Sales of petrol and diesel in the district have slumped by 25 to 30%, said dealers. "But those on the highway and on the borders are affected the most," rues Moosa Cherkalam, state secretary of All India Petrol Pump Dealers Association.
When compared with Kasaragod, petrol is cheaper by nearly Rs 6 per litre and diesel is cheaper by Rs 8 to Rs 9 per litre in Mangaluru. Diesel in Mahe is cheaper by Rs 10 and petrol is cheaper by around Rs 11.
Commercial trucks delivering goods till Kochi from other states have almost stopped filling their tanks in Kerala, said K Lakshminarayanan, district treasurer of the dealers' association.
His fuel station on the highway near CPCRI used to sell 10,000 litres of diesel every day when the price differences between Kerala and Karnataka were negligible. Since November 2021 -- when the government of Karnataka slashed taxes on diesel and petrol by Rs 7 -- the sale at his fuel station has slumped. Lately, his pump has been selling only 2,500 litres of diesel a day, he said.
Trucks entering Kerala from Karnataka fill their fuel tanks (300 to 400 litres) and top up again in Mahe, he said. "They don't have to buy fuel in Kerala at all," he said.
Fuel stations on the highway get 60% of their business from commercial vehicles, particularly interstate trucks. "In terms of sales of fuel, 10 trucks get us more business than 200 passenger cars. The price disparity has almost killed our business," he said.
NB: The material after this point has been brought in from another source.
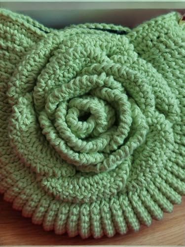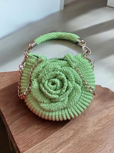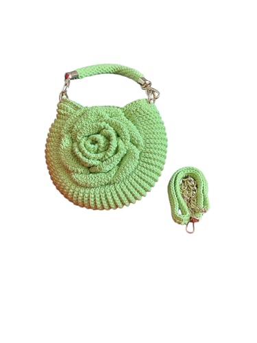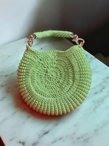 Handmade Crochet Shell Pattern Handbag, Light Green, 20 cm x 17 cm, Cotton Thread

Lakshminarayanan's fuel station near Kasaragod town is 30km from the Thalappady border, so his sales have slumped only 75%. Right on the border at Thalappady, there is Kerala Fuels. Its sales have slumped 90% since November 2021. On average, it used to sell 12,000 litres (one load) of fuel (4,000 litres of petrol and 8,000 litres of diesel) every day. Now, it barely manages to sell three loads (36,000 litres) in a month. "It is on the verge of closure," said Lakshminarayanan.
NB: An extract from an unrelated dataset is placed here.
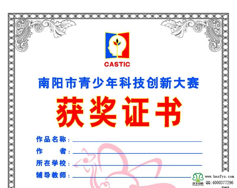 河南印刷廠:青少年科技創(chuàng)新大賽獲獎證書印刷

Fifty metres inside Karnataka, there is a fuel station that always has a long queue. It has put up a board highlighting the price differences between Kerala and Karnataka. On average, it sells two loads (24,000 litres) of fuel every day.
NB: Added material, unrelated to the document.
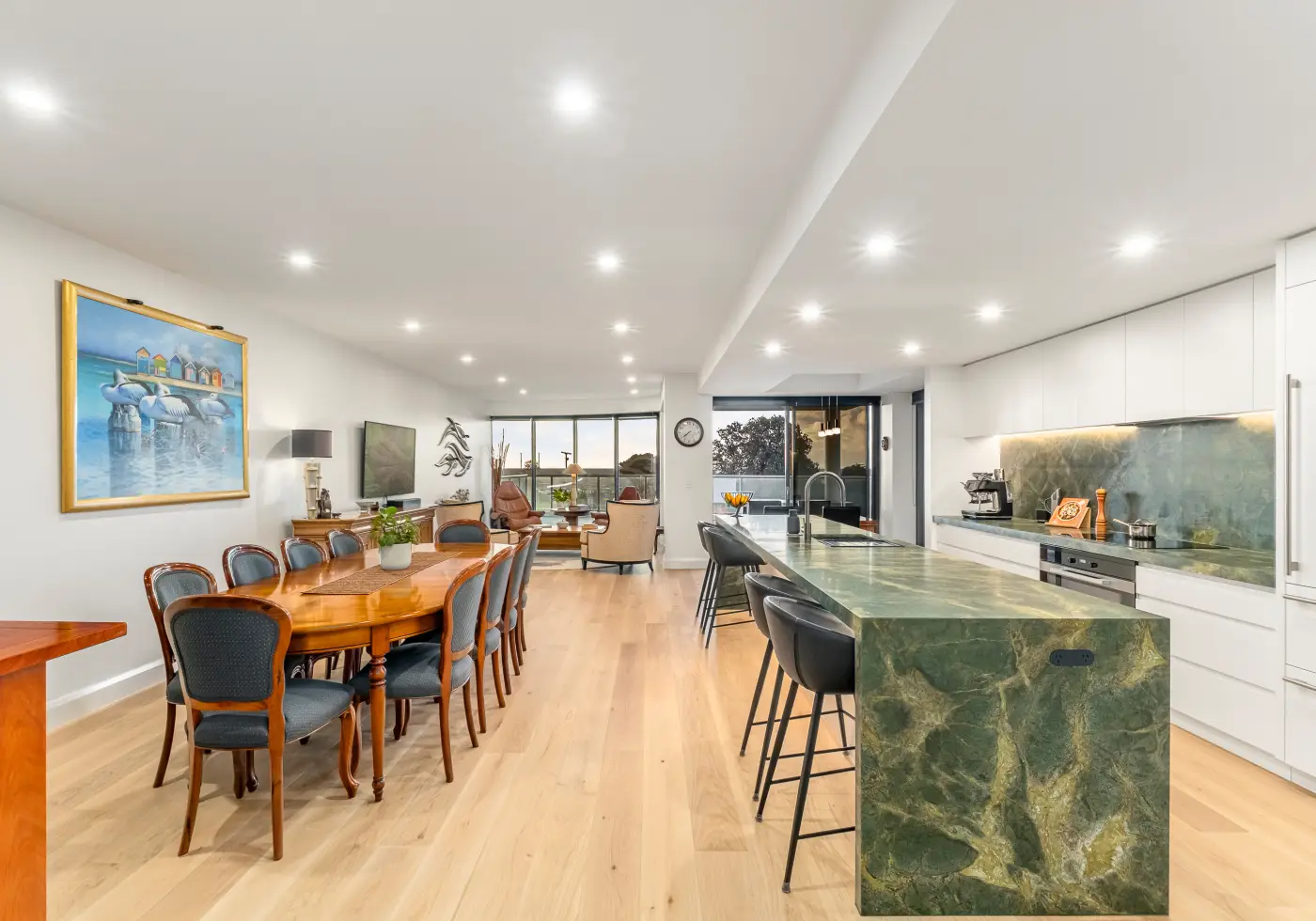 Arriving via lift to a private, elegant entry, the home immediately reveals its most compelling feature—water views that unfold the moment you step inside. Expansive open-plan living and dining areas extend effortlessly to a deep terrace, creating a seamless indoor-outdoor connection ideal for entertaining, from leisurely afternoons to sunset drinks overlooking the horizon.

To be sure, the LDF government has not increased its share of tax since it came to power in May 2016. But neither has it reduced that VAT, which is 30.08% of the rate at which petrol is delivered in Kerala. So every time the Union government increases the fuel price or the tax, the Kerala government's income from fuel also increases. In the past 12 days alone, the Union government increased fuel prices by 11%, tweeted Abdulla Madumoole, an Abu Dhabi-based financial consultant, who owns a fuel station at Perla in Enmakaje, another border panchayat.
Apart from commercial vehicles, the truck-mounted borewell rigs are also filling up their tanks from Karnataka. The truck-mounted rigs buy 1,500 litres to 2,000 litres at a time. They need around 300 litres of diesel to drill one borewell. They find it economical to buy diesel from fuel stations on the border.
Lakshminarayanan said the infrastructure companies working on the highway widening also bring in diesel in their private tanker from Karnataka. "They are saving Rs 8 per litre," he added.